Queridos hermanos y hermanas:

El Papa Francisco ha propuesto a toda la Iglesia la celebración del Año de la Vida Consagrada, que iniciamos al comenzar el tiempo de Adviento. Lo estamos celebrando en nuestras Iglesias con distintas actividades y culminará el 2 de febrero de 2016. Con esta iniciativa el Papa nos invita todos a volver a apreciar y a agradecer el don de la Vida Consagrada para la Iglesia y el mundo.

La Vida Consagrada, en sus distintas expresiones, ha sido uno de los ámbitos eclesiales en los que más ha resonado la llamada a conversión y “aggiornamento” a los que convocó hace más de cincuenta años San Juan XXIII con el Concilio Vaticano II. En los años transcurridos desde esa convocatoria han sido muchas las expresiones de búsqueda sincera de una “vuelta a las fuentes”, para vivir una vida consagrada más genuina y evangélica. Y si bien no han faltado dificultades, errores y motivos de preocupación, es mucho lo que se ha hecho para renovarla con auténtica fidelidad eclesial y son abundantes los frutos de este camino.

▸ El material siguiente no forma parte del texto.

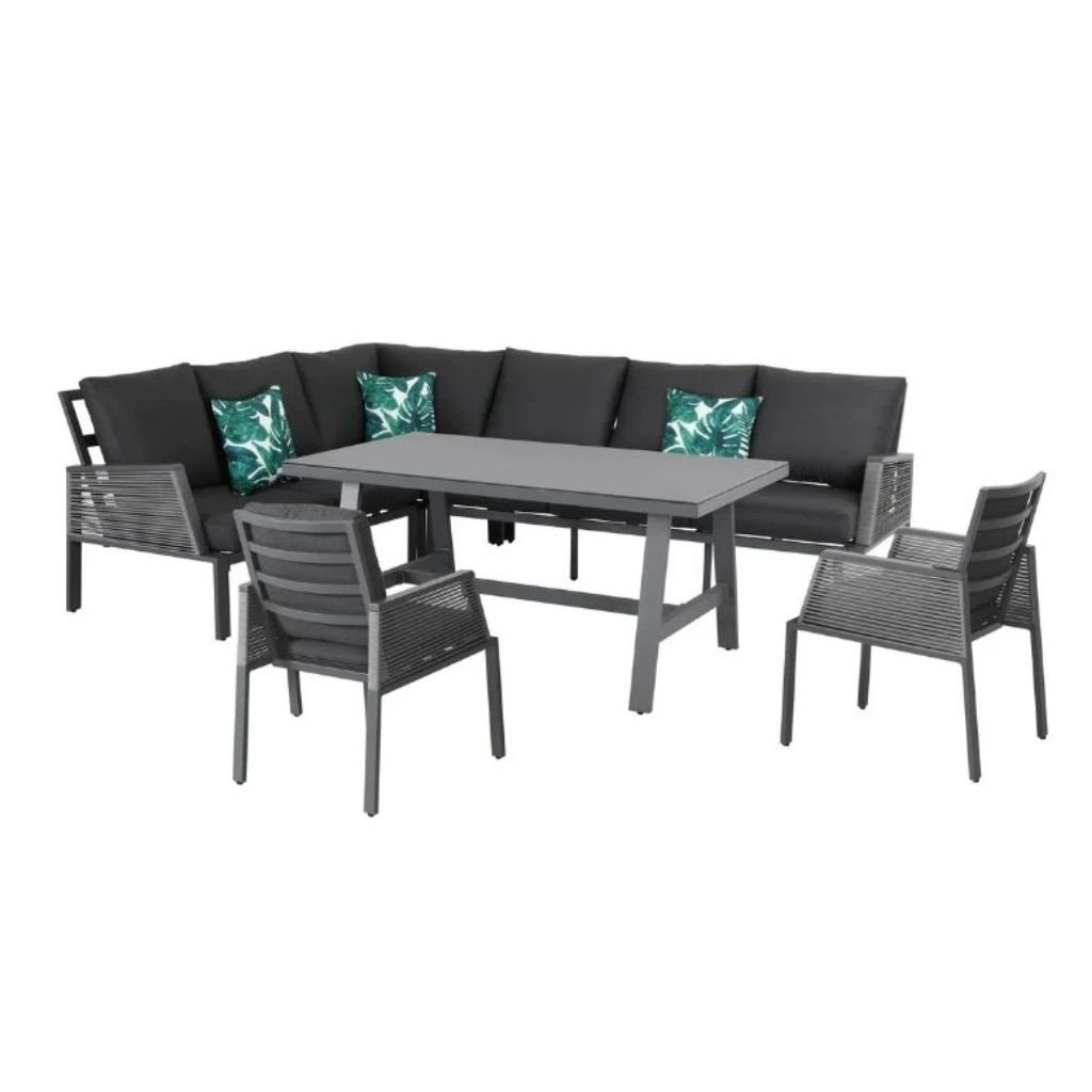 Představujeme vám zahradní soupravu Elba – dokonalou kombinaci elegance a pohodlí, která promění vaši zahradu nebo terasu v oázu klidu. Tato 5-dílná sestava je navržena tak, aby odolala času i povětrnostním vlivům, což zajišťuje její stabilní hliníková konstrukce v moderní antracitové barvě.

Al proponernos este Año de la Vida Consagrada, el Papa nos estimula también a nosotros, Pastores, a asumir la responsabilidad que nos cabe en este proceso de renovación y búsqueda humilde de la voluntad de Dios para profundizar este camino que Él mismo ha suscitado en su Iglesia. Pues de esto se trata: obedecer al querer de Dios para que la Vida Consagrada resplandezca cada día más en la Iglesia y el mundo como “signo de una sobreabundancia de gratuidad, tal como se manifiesta en una vida gastada en amar y servir al Señor, para dedicarse a su persona y a su Cuerpo místico”

Por ello, por medio de esta carta, deseamos llegar a todos los consagrados y consagradas para manifestarles nuestra valoración por la vida de cada uno y cada una de ustedes y nuestra gratitud –y la de todo el pueblo de Dios- por el bien inmenso que sus vidas consagradas y sus carismas aportan a nuestras comunidades diocesanas.

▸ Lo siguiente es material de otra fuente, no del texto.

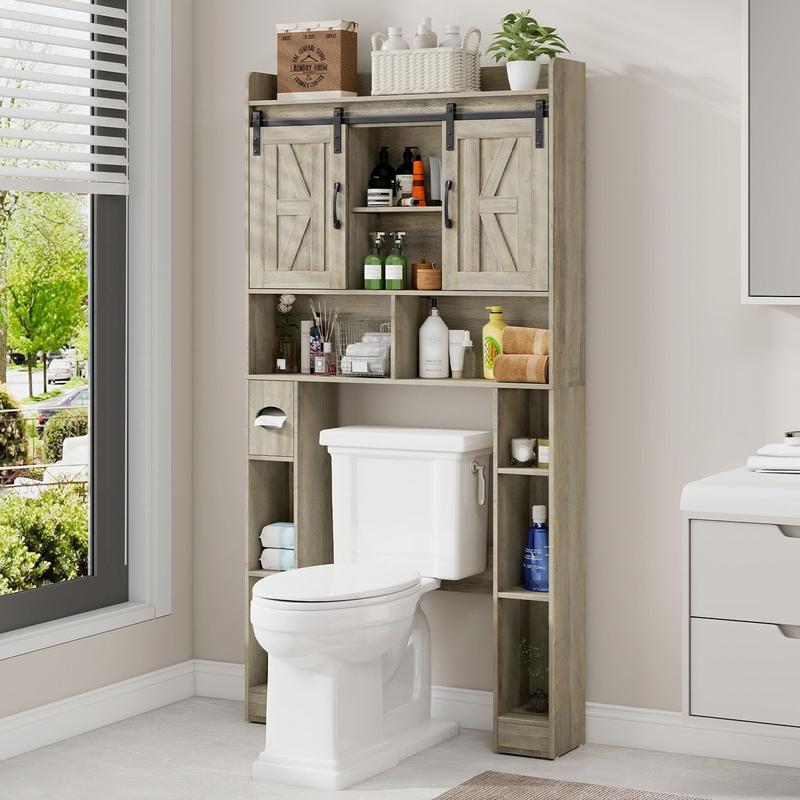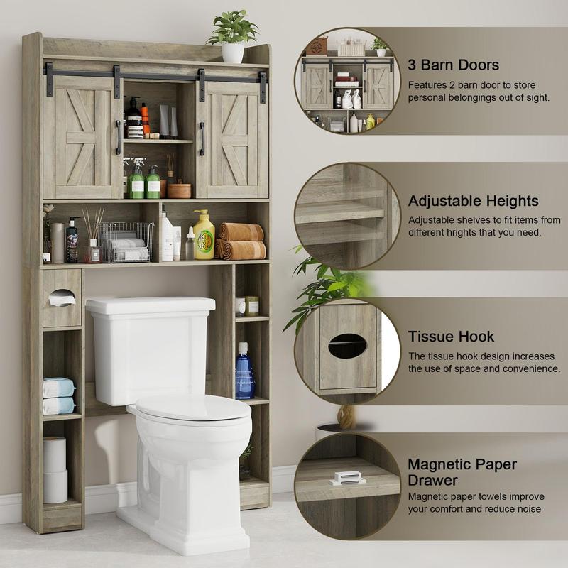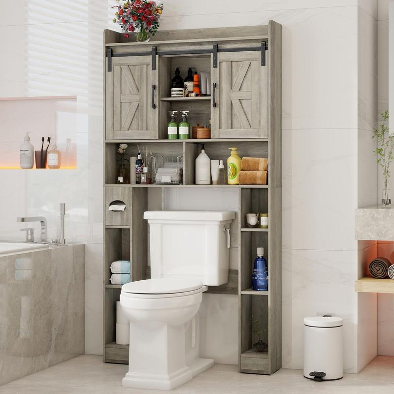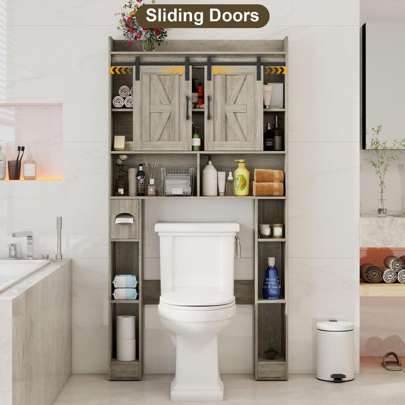 [Versatile Storage Options]The cabinet features two sliding barn doors for discreet storage of towels and toilet paper, keeping essentials hidden yet easily accessible. Open shelves provide quick access to daily items, while vertical cabinets are perfect for storing paper rolls. This versatile design meets all your bathroom storage needs in an organized and stylish manner.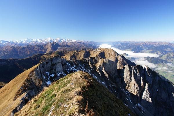 | An einer halbwegs windgeschützten, und damit auch recht milden Stelle in der Sonne genießen wir unsere Jause. Dennoch machen wir uns aber bald wieder auf den Weg. Direkt vom Gipfelkreuz zieht ein deutliches Steiglein nordwärts. Dieser Steig ist weiter unten wieder in den von uns gewählten Weg eingemündet, so daß er eigentlich eine gute Abkürzung wäre. |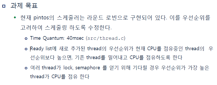 생각해보니 이미 thread 구조체에 priority가 있고, thread_create()에도 priority의 인자가 있다. 그러면 priority 자체는 추가하지 않아도 될 것 같다.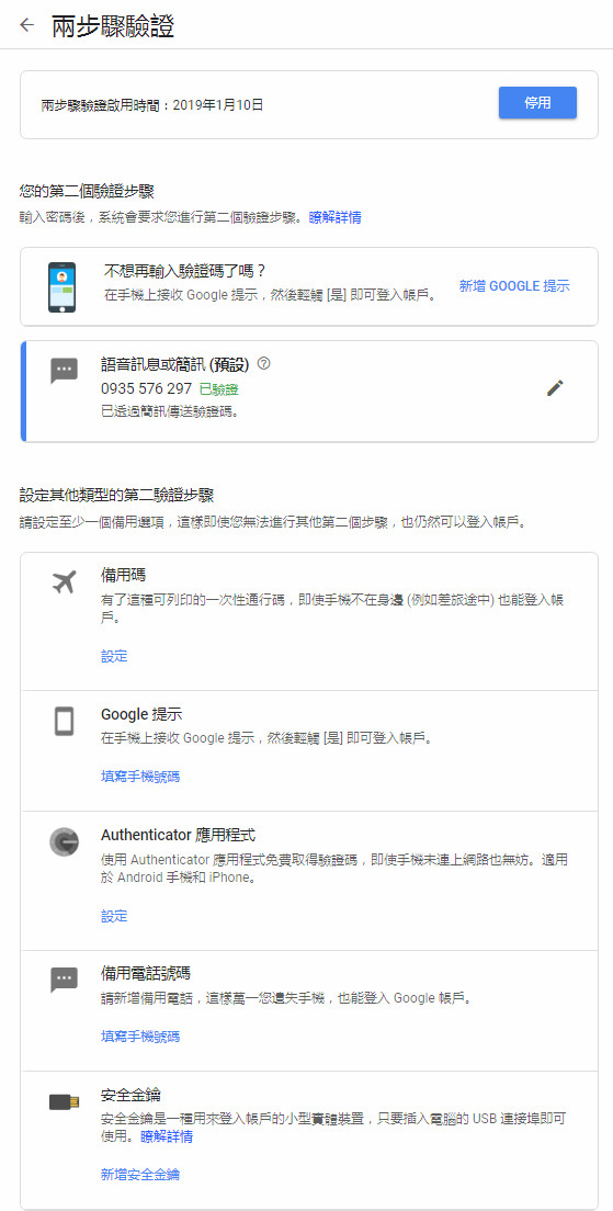 接著啟用兩步驟驗証,如果你的電話號碼沒有經過驗証的話,就會多出一個驗証手機號碼的步驟。google會寄簡訊給你,然後再輸入確認碼就可以。這裡我已經驗証過電話碼認,就直接按下啟用就可以。

Además queremos acompañarlos desde nuestro lugar en el camino de fortalecimiento y renovación al que les invitaba el Papa en la última Jornada de la Vida Consagrada. Sabemos de su abundante magisterio y no dudamos que será para todos ustedes un real alimento en orden a mirar el pasado con gratitud, vivir el presente con pasión y abrazar el futuro con esperanza. También nosotros, Pastores, nos ponemos en actitud de obediencia y docilidad al Espíritu para recorrer juntos dicho camino.

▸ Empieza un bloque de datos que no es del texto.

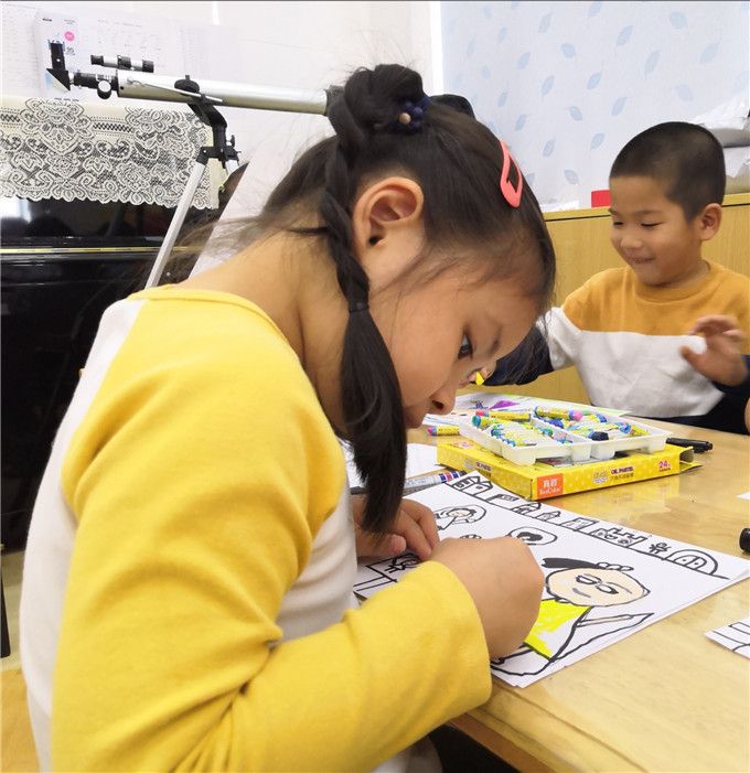 孩子们都十分认真地绘画,运动世界丰富多彩。
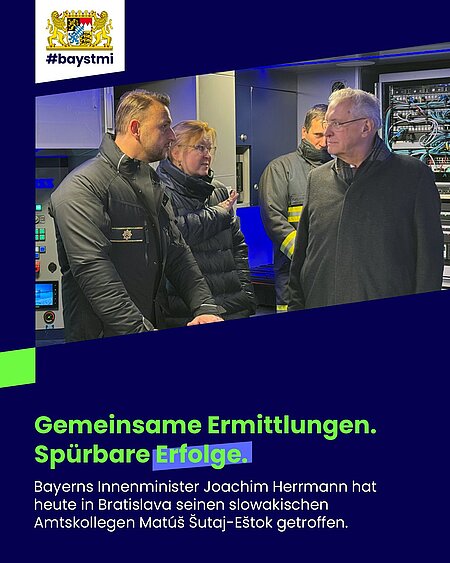 Gemeinsame Ermittlungen. Spürbare Erfolge: Herrmann trifft slowakischen Amtskollegen Šutaj-Eštok 🤝 Bayerns Innenminister @joachim.herrmann.csu hat sich heute in Bratislava mit seinem slowakischen Amtskollegen Matúš Šutaj-Eštok @ministerstvo_vnutra_sr getroffen. Bei einem Besuch an der slowakisch-ungarischen #Grenze ging es u. a. um die erfolgreiche polizeiliche Zusammenarbeit sowie um Grenzkontrollen auf der Westbalkanroute und den Schutz der #EU-Außengrenzen. ✅ Ermittlungserfolg 👮♀️ 👮♂️ gegen Schockanrufer: Ein internationales #Callcenter wurde durch die gemeinsamen Ermittlungen mit der @policiaslovakia und @europol.eu, aufgedeckt und zerschlagen. 💥📞Bereits vor der Festnahme wurden zahlreiche Betrugsversuche verhindert. 🛑 ✅ Ausbau der Zusammenarbeit gegen grenzüberschreitende #Kriminalität wie Schmuggel, Menschen-, Drogen- und Waffenhandel sowie bei hybriden Bedrohungen. 🎮🛩️ ✅ Gemeinsam gegen illegale Migration: Schutz der Außengrenzen und wirksame Grenzkontrollen entlang der Westbalkanroute bleiben entscheidend. ⛔ 💬"Im Kampf gegen die illegale Migration haben wir ein gemeinsames Ziel: Wir wollen sie weiter zurückdrängen“, so #Herrmann. 👉Mehr Infos: Link in Bio ⤴️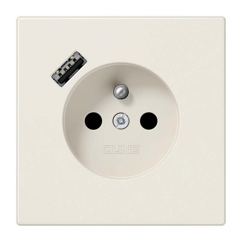 JUNG stopcontact met penaarde (België), verhoogde aanraakbeveiliging en één USB-A poort. LS 990, crème. Geschikt voor inbouwdozen met een minimale diepte van 57 mm. Thermoplast (hoogglans). Excl. afdekraam.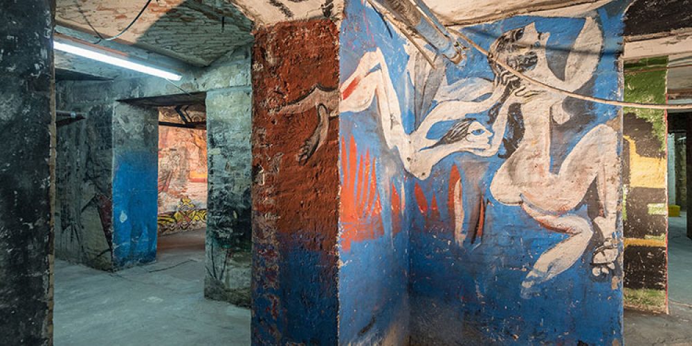 In the former boiler room of the Akademie building on Pariser Platz, a series of murals has survived that were created in 1957 and 1958 for two carnival festivals. Painted by Manfred Böttcher, Harald Metzkes, Ernst Schroeder and Horst Zickelbein – former master students of the German Academy of Arts – they are the only original remnant of the historic building in addition to the exhibition halls. Photographed for the first time in 1989, published and carefully preserved since then, they can now be visited for the first time in almost thirty years. On display are unique testimonies of a young opposition in East Berlin painting, whose former conflict potential can still be guessed at today.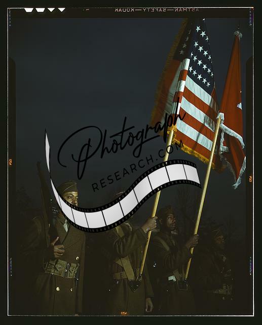 Color guard,African American engineers,flags,night,Fort Belvoir,Virginia,VA,1941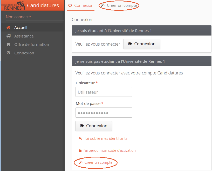Dans l'encadré "Je ne suis pas étudiant à l'Université de Rennes", cliquez sur le bouton "Créer un compte"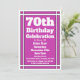 Enviar convites para uma celebração de 70 com este Convite de Aniversário do 70 Roxo. Ele pode ser personalizado com suas informações pessoais.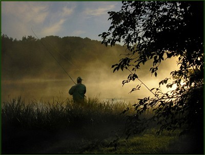 Утренний клёв Очередная карточка из серии "О рыбалке". Хотя правильнее было бы назвать " О рыбалке и рыбаках". В данном случае это пейзаж с очень характерным присутствием персонажа, поскольку отраженный момент является в рыбалке кульминационным и может даже помешать восприятию атмосферы утра, которая здесь все же борется за первую роль. Приятного Всем просмотра. |

Al mismo tiempo queremos suscitar en nuestro pueblo un renovado aprecio y valoración de la Vida Consagrada en sus distintas expresiones. Todos somos, en alguna medida, deudores del testimonio, el servicio y la entrega de tantos consagrados y consagradas. Como bien dijo el Beato Pablo VI: “…¿quién no mide el gran alcance de lo que ellos (los consagrados) han aportado y siguen aportando a la evangelización?…. Son generosos: se les encuentra no raras veces en la vanguardia de la misión y afrontando los más grandes riesgos para su salud y su propia vida. Sí, en verdad, la Iglesia les debe muchísimo…”3 De manera particular en nuestra América Latina hemos de reconocer que la evangelización ha estado y está muy ligada a la presencia, el trabajo, las obras y el martirio de muchos de ellos. Por ello este año es una buena ocasión para cultivar la memoria agradecida y el compromiso activo de toda la Iglesia en favor de la Vida Consagrada. Este empeño será también providencial instrumento del Señor para que muchos, sepan descubrir la llamada del Señor que –ciertamente- también hoy sigue invitando a seguirle por el camino de los consejos evangélicos.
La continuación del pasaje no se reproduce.